◆ How to complete this task ◆
With the pictures left aside, write out exactly the lines of the listing below from the line with "我们在微博上可以进行各种 社交 活动,还能在粉丝" to the line with "Сумма чисел протонов", both included, and only those.

◆ Materials provided ◆
=== Begin Enclosure ===
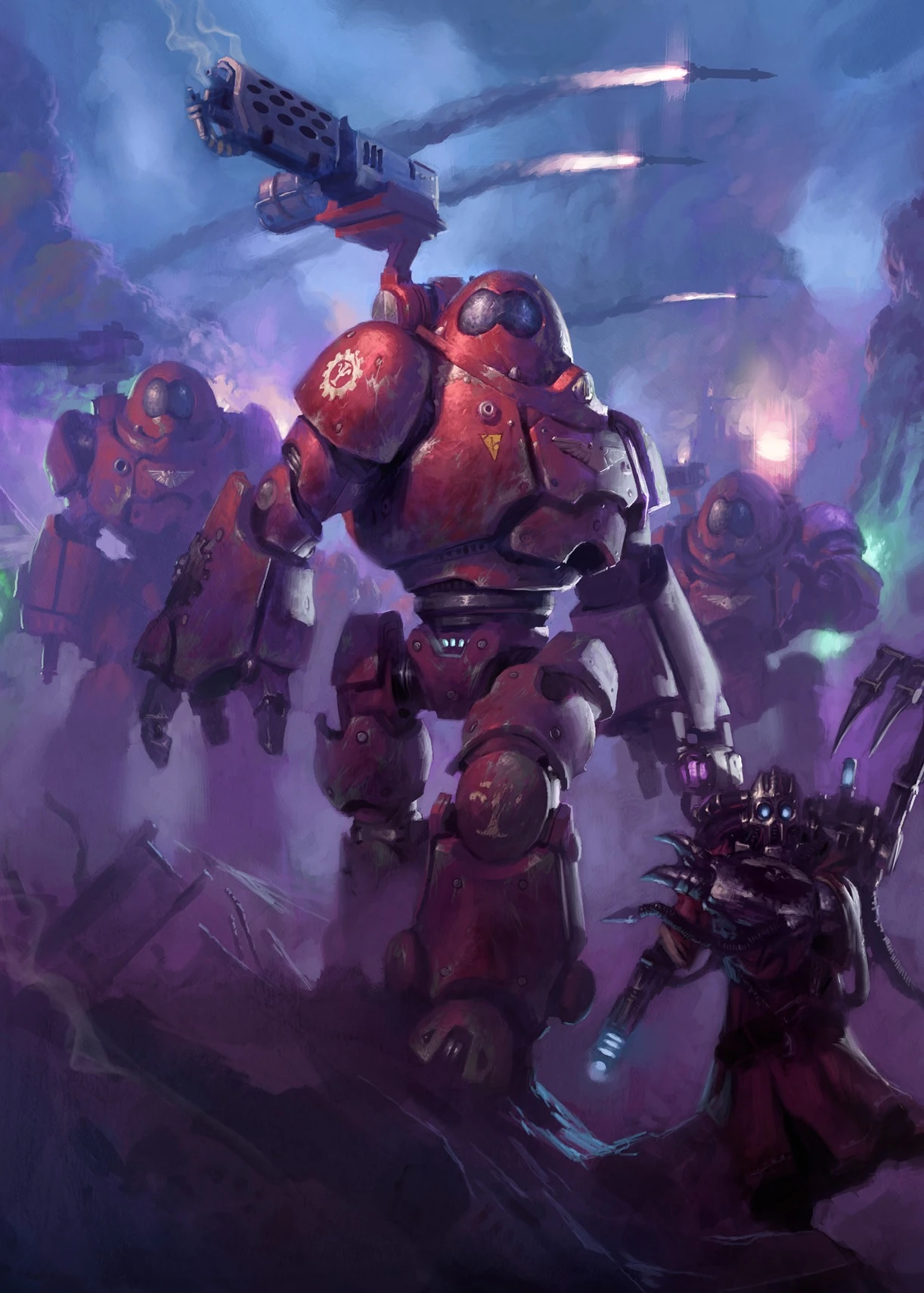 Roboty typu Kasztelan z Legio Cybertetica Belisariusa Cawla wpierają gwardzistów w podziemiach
=== End Enclosure ===
=== Begin Enclosure ===
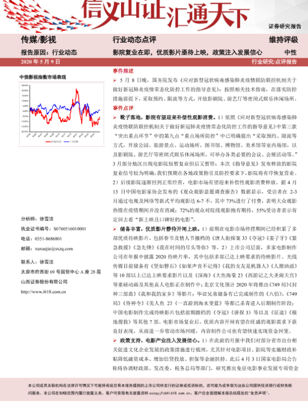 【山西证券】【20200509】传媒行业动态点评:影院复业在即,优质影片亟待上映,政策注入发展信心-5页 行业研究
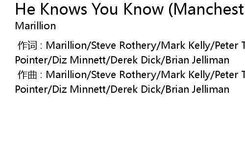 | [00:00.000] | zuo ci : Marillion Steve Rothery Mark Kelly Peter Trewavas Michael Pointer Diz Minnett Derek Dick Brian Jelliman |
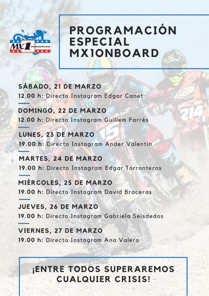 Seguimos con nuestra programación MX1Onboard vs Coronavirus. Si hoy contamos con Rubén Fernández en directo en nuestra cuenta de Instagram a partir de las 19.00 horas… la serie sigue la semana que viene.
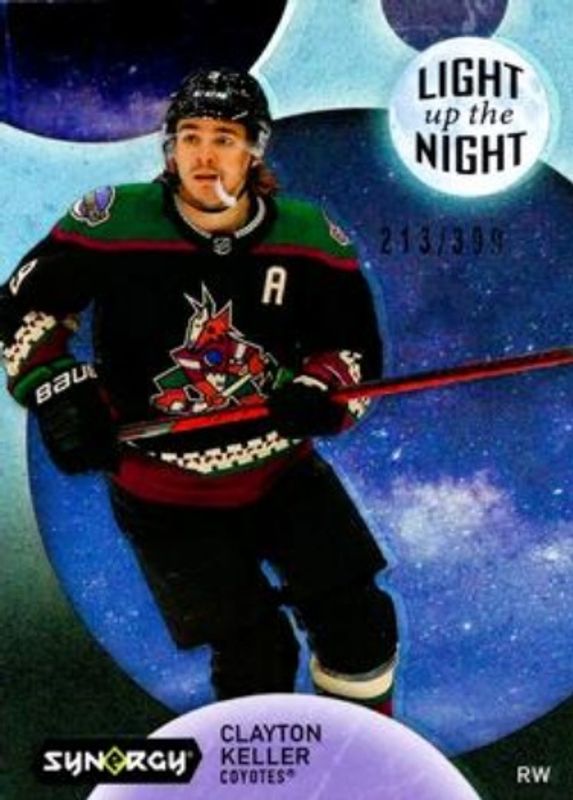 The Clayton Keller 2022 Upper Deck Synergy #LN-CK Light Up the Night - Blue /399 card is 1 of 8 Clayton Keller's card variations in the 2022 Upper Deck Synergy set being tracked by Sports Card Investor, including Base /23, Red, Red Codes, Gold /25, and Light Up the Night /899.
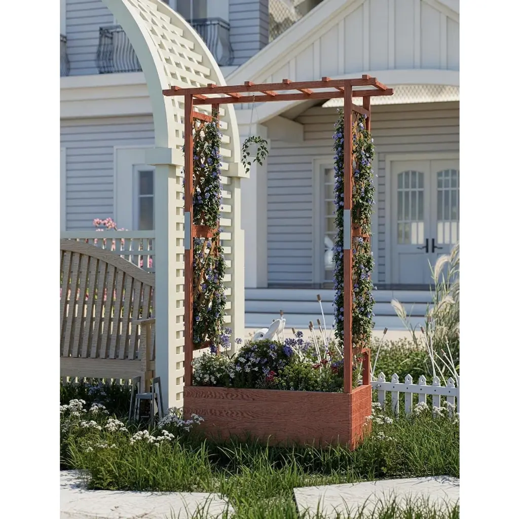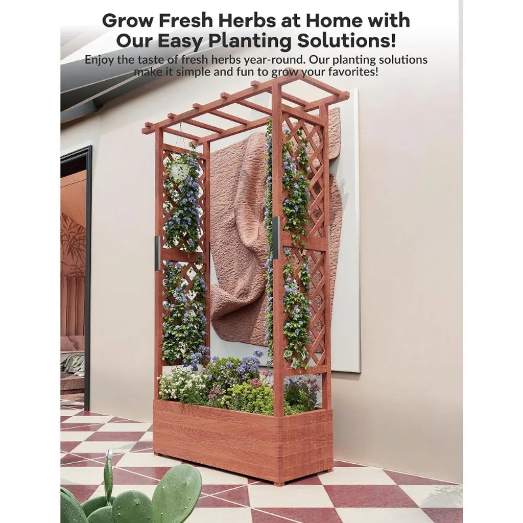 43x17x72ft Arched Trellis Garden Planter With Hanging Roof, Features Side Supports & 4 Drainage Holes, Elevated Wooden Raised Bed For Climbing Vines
=== End Enclosure ===
=== Begin Enclosure ===
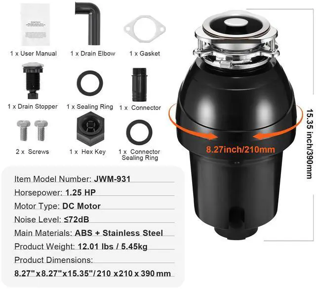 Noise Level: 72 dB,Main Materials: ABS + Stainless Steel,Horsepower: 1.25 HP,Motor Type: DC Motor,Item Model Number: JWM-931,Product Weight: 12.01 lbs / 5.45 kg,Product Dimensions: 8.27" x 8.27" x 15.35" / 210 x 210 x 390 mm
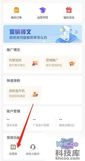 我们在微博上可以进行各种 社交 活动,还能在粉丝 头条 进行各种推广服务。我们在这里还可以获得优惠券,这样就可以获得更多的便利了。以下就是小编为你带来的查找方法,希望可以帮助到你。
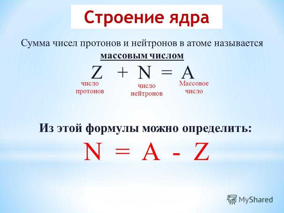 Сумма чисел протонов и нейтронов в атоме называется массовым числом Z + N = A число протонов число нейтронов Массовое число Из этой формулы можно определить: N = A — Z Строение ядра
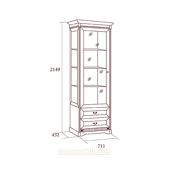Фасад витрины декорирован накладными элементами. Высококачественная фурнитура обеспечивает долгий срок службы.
=== End Enclosure ===
◆ Answer to the exercise ◆
 我们在微博上可以进行各种 社交 活动,还能在粉丝 头条 进行各种推广服务。我们在这里还可以获得优惠券,这样就可以获得更多的便利了。以下就是小编为你带来的查找方法,希望可以帮助到你。
 Сумма чисел протонов и нейтронов в атоме называется массовым числом Z + N = A число протонов число нейтронов Массовое число Из этой формулы можно определить: N = A — Z Строение ядра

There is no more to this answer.